Which statistic is your audience more likely to believe? If you guessed the Mayo Clinic, you’re right. When you reference a reputable source, you boost your ethos by association.
So, the general guideline is to use quotations and statistics from sources which have high ethos to your audience, whether by trustworthiness, similarity, authority, or reputation.
#13: Reference people in the audience, or events earlier in the day (Similarity)
Earlier, we mentioned that, if possible, you should try to share the event experience with your audience. When you do, you can increase your ethos by incorporating something from that shared experience (or someone in the audience) into your speech. Your audience sees you as “one of them”, and a silent bond forms.
Example: In the presentation preceding yours, the speaker repeated a memorable phrase “It’s never too late.” If you can do it in a meaningful way, try to weave this phrase into your material.
How to Improve Ethos — After Your Speech
Your talk is done, but your effectiveness as a speaker is not yet written in stone. Here’s a few things you can do to continue to build up your ethos with this audience, or with your next audience.
#14: Make yourself available to your audience (Similarity)
Whenever possible, stick around after your presentation is over. Mingle with the audience and continue to share in the event experience. Not only will you have the opportunity for productive follow-up conversations, but your audience will see you as accessible, and accessible is good.
In short, your ethos will rise.
#15: Follow through on promises made during your presentation (Trustworthiness)
One technique for managing a short Q&A session is to defer thorny or complex questions to a later time.
Example: If someone asks a question as part of a 10-minute Q&A session that would take you 20 minutes to answer, it’s okay to defer the question saying: “I’d like to give the complete answer, but we don’t have time today. I’ll send it out to the group on email.”
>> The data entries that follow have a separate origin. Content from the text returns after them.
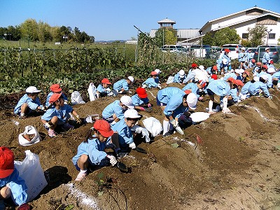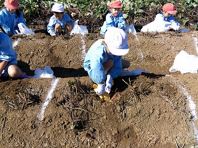 秋の心地良いお天気の中、年長組はみんなでお芋掘り遠足に行きました☆夢中になって土を掘り進めていく子ども達。土の中からお芋が顔を出すと嬉しそうな声が響きました!友達と力を合わせてお芋を掘り、自然の恵みに感謝しながら楽しい時間を過ごしました♬
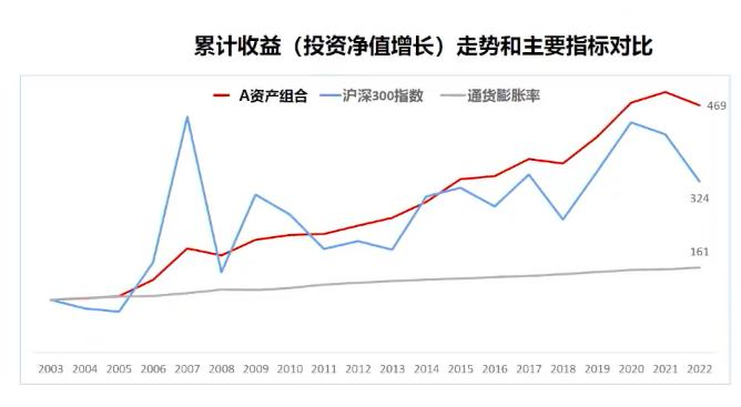 A资产组合所实现的稳定收益正是一个家办所需要做的。如果问A是什么组合,实现了大幅超越沪深300,那么解开谜底,A组合就是以稳健与保守为代表的社保基金组合收益率。看似保守,不够冒进,却通过稳健持续与复利增长,做了时间的朋友,赢得了胜负。
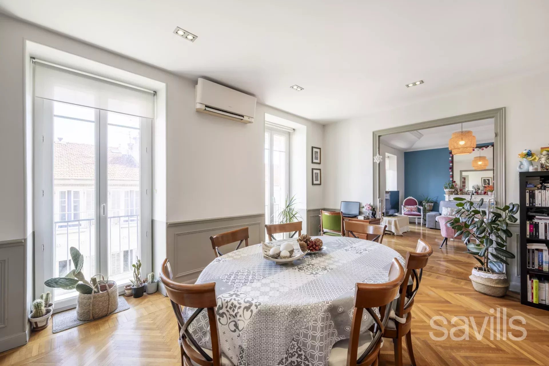 Exclusivité : Dans un quartier dynamique du centre-ville, à deux pas de toutes les commodités, découvrez ce superbe appartement spaciex de 155 m² situé au dernier étage d’un immeuble niçois récemment ravalé, avec ascenseur.

It’s okay to do that, but only if you do follow up! If you fail to do so, your audience will judge you as being untrustworthy. Even if your presentation was great, your influence on their future actions is diminished.
Three Pillars of Public Speaking
Ethos in the short term versus the long term
In the above examples, you may have noticed that trustworthiness and similarity were mentioned much more often than authority or reputation. This is not an accident.
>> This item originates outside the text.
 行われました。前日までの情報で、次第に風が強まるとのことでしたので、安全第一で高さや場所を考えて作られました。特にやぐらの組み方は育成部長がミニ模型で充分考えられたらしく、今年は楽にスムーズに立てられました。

- You can significantly influence your audience’s on-the-spot assessment of your trustworthiness and similarity by following the advice above. While your audience may have preconceptions about you in these dimensions, you may be able to change their mind.
- It is much harder to change your audience’s on-the-spot assessment of your authority and reputation. Your audience’s perception of you along these dimensions is mostly fixed before your speech starts. Either you are an expert in the field, or you are not. Either you have formal authority over your audience, or you don’t. Not much that you say in a one hour speech will change either of these.